Parallel Algorithms of the STL with the GCC Compiler


GCC supports my favorite C++17 feature: the Standard Template Library (STL) parallel algorithms. I recognized this a few days ago, and I'm happy to write a post about it and share my enthusiasm.



The Microsoft compiler has supported parallel algorithms since its beginning but sadly, neither GCC nor Clang. I have to be precise; GCC 9 allows you to use parallel algorithms. Before I show you examples with performance numbers in my next post, I want to write about the parallel algorithms of the STL and give you the necessary information.

Parallel Algorithms of the Standard Template Library

The Standard Template Library has more than 100 algorithms for searching, counting, and manipulating ranges and their elements. With C++17, 69 get new overloads, and new ones are added. The overloaded and new algorithms can be invoked with a so-called execution policy. Using an execution policy, you can specify whether the algorithm should run sequentially, in parallel, or parallel with vectorization. For using the execution policy, you have to include the header <execution>.

Execution Policy

The C++17 standard defines three execution policies:

  • std::execution::sequenced_policy
  • std::execution::parallel_policy
  • std::execution::parallel_unsequenced_policy

The corresponding policy tag specifies whether a program should run sequentially, in parallel, or in parallel with vectorization.

  • std::execution::seq: runs the program sequentially

  • std::execution::par: runs the program in parallel on multiple threads

  • std::execution::par_unseq: runs the program in parallel on multiple threads and allows the interleaving of individual loops; permits a vectorized version with SIMD (Single Instruction Multiple Data).

The usage of the execution policy std::execution::par or std::execution::par_unseq allows the algorithm to run parallel or parallel and vectorized. This policy is a permission and not a requirement.

The following code snippet applies to all execution policies.

std::vector<int> v = {1, 2, 3, 4, 5, 6, 7, 8, 9};

// standard sequential sort                              
std::sort(v.begin(), v.end());                             // (1)

// sequential execution
std::sort(std::execution::seq, v.begin(), v.end());        // (2)

// permitting parallel execution
std::sort(std::execution::par, v.begin(), v.end());        // (3)

// permitting parallel and vectorized execution
std::sort(std::execution::par_unseq, v.begin(), v.end());  // (4)

The example shows that you can still use the classic variant of std::sort (4). Besides, in C++17, you can specify explicitly whether the sequential (2), parallel (3), or parallel and vectorized (4) version should be used.


Rainer D 6 P2 540x540Modernes C++ Mentoring

Be part of my mentoring programs:





Do you want to stay informed about my mentoring programs: Subscribe via E-Mail.

Parallel and Vectorized Execution

Whether an algorithm runs in a parallel and vectorized way depends on many factors.
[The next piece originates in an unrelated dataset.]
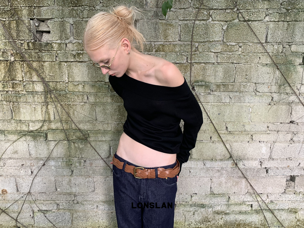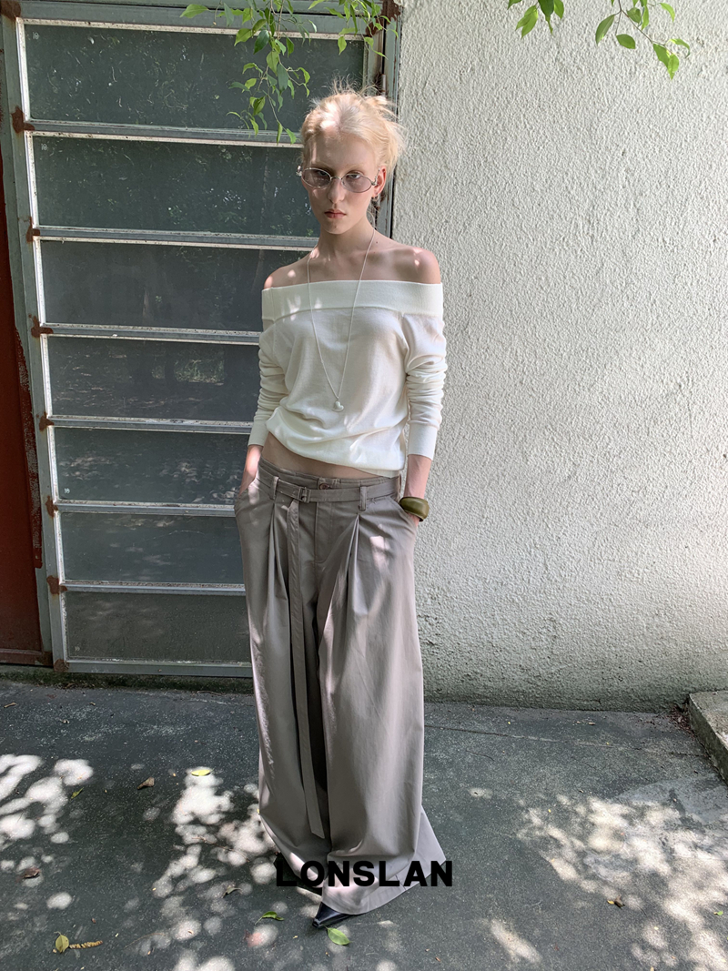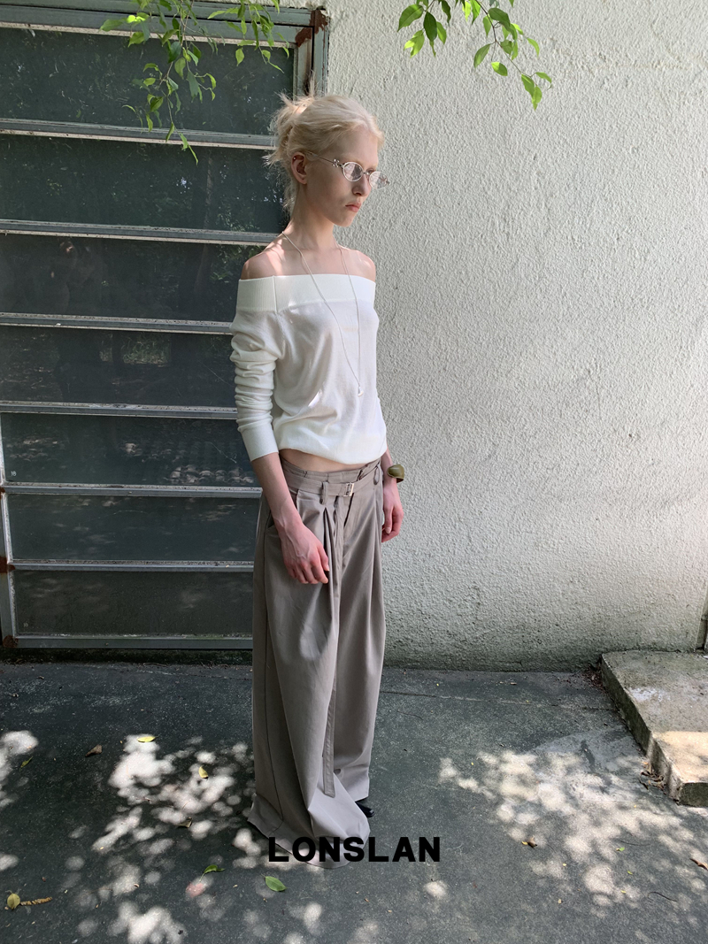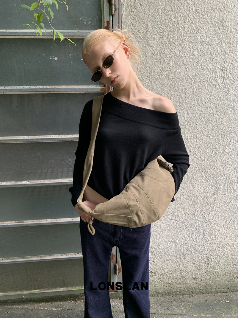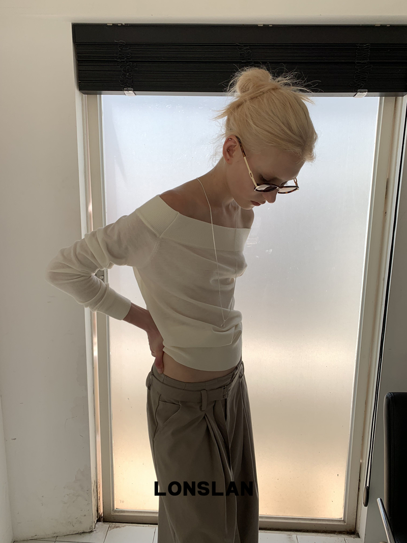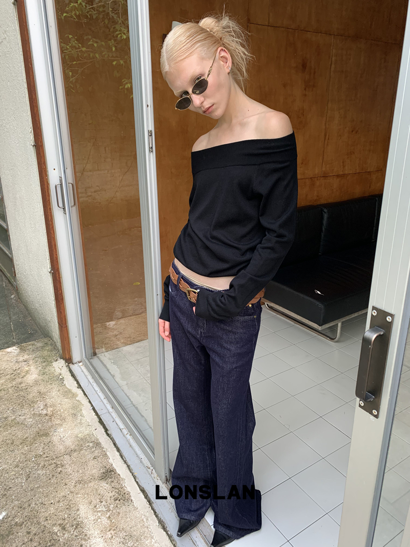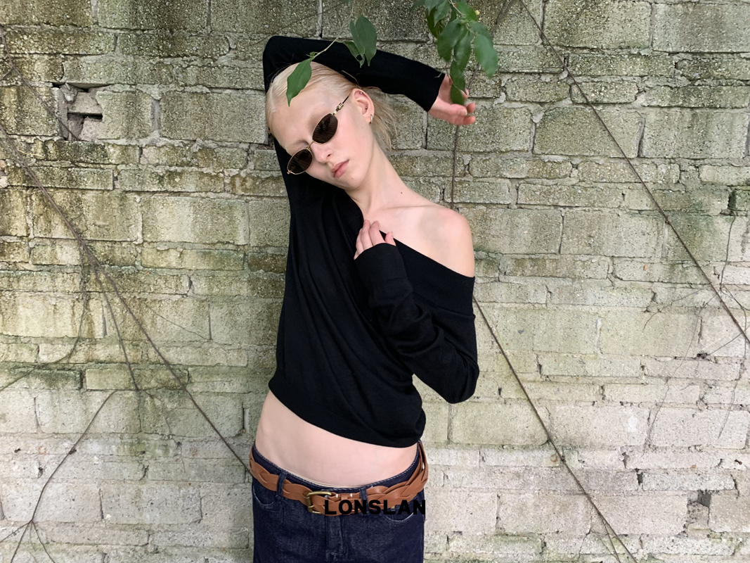 LONSLAN one-shoulder oblique shoulder knitted sweater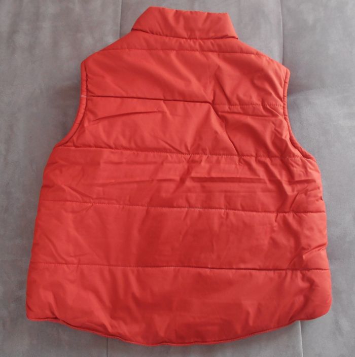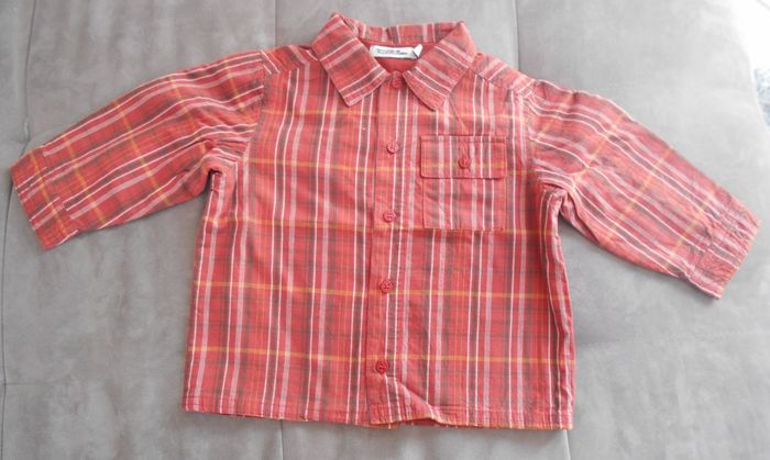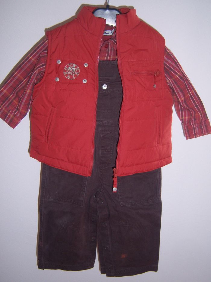 Ensemble 3 pièces pour garçon composé d'une chemise doublée manches longues rayée dans les tons rouges, d'une salopette marron et d'une doudoune sans manche rouge Ouverture par pressions de la salopette au niveau des bretelles, des côtés et de l'entrejambe Salopette réglable sur 2 hauteurs Taille 18 mois - 81 cm Marque Tape à l'œil Très bon état mais une petite décoloration rouge sur le bas de jambe gauche de la salopette (cf photos)

For example, it depends on whether the CPU and the operating system support SIMD instructions. It also depends on the compiler and the optimization level you used to translate your code.

The following example shows a simple loop for filling a vector.
const int SIZE = 8;
int vec[] = {1, 2, 3, 4, 5, 6, 7, 8};
int res[] = {0, 0, 0, 0, 0, 0, 0, 0};
int main() {
    for (int i = 0; i < SIZE; ++i) {
        res[i] = vec[i]+5;


The expression res[i] = vec[i] + 5 is the crucial line in this small example. Thanks to Compiler Explorer, we can look closer at the assembler instructions generated by clang 3.6.

Without Optimization

Here are the assembler instructions. Each addition is done sequentially.


With Maximum Optimization

By using the highest optimization level, -O3, special registers such as xmm0 are used that can hold 128 bits or 4 ints. This special register means that the addition takes place in parallel on four vector elements.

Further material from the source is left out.